Starting the 2022-2023 school year, San Luis Obispo High School students had to attend an extra period after fourth period called “Tutorial” on Mondays. This was implemented to give students extra time to make up any work they missed, or get any work done that they need, but not everyone was a fan of it.
Students are able to sign up for Tutorial on a website called FlexiSCHED on Wednesdays and Thursdays, but once that time period is up, students are stuck with either being defaulted into their third period class or being put in whatever class their teacher chooses for them.
“I’ve liked [Tutorial], I normally go to a class where I can do my homework or if I need to study for a test I go to study and just talk to a teacher of that class,” said sophomore Dante Freeman-Garcia.
This was the main purpose of Tutorial, to give students a period of time to get things done or to make up work that they missed from being absent instead of having to come into that classroom at lunch or afterschool.
However, most students didn’t often need this time and so they needed to find something else to do during this required free period.
“I only ever needed to use Tutorial for it’s purpose once or twice. Besides that, I would just use my phone or talk to friends,” said 2023 SLOHS graduate Paul Miser.
Because of this large array of students simply not caring or forgetting about Tutorial on the following Monday, many are defaulted into their third period class and just hang out there. There has been talk and rumors about a change depicting a consequence to defaulting without choice for the 2023-2024 school year, such as lunch cleanup or some other negative duty.
“I think that would be a really bad change.
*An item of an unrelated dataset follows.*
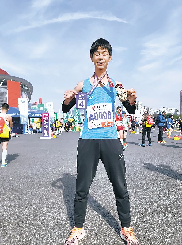 去年南京马拉松锦标赛上栾玉帅获得业余组第四名。(栾玉帅提供)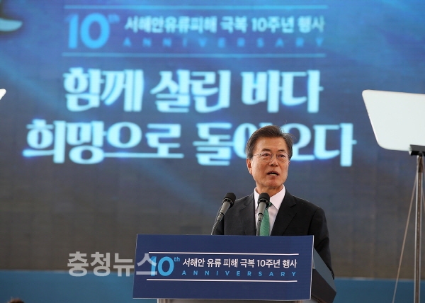 문재인 대통령은 깨끗한 바다를 지키기 위한 안전·재난 관리에 더욱 힘쓰겠다고 강조하고 충남도의 노후 석탄화력발전소 폐쇄 및 미세먼지 감축 제안에 힘을 보탤 것을 약속했다.

That would just serve to punish people who wanted to default by choice, forgot to choose a class, or didn’t feel the need to go to a Tutorial workshop,” said Miser.
Given the talk about “forgetting to sign up,” students have asked to extend the sign up period from Wednesday and Thursday up until Friday, or even the weekend.
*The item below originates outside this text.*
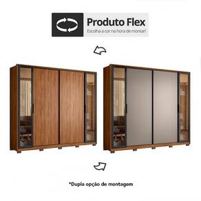 Guarda Roupa Casal Laredo 4 Portas Flex com Vidro Reflecta e Pés - Demartêz

“I never realize until Monday [to sign up], and I have to go to a teacher to switch it, or I have to text people where they are and figure out where I’m supposed to go,” said junior Tamar Roide.
This change to Tutorial’s foundation would give students more time and opportunity to figure out what class they want to sign up for and what they need to make up.
SLOHS will continue using Tutorial in the following school years and will hopefully have it adapt to students’ needs so that it is something that everyone can find useful.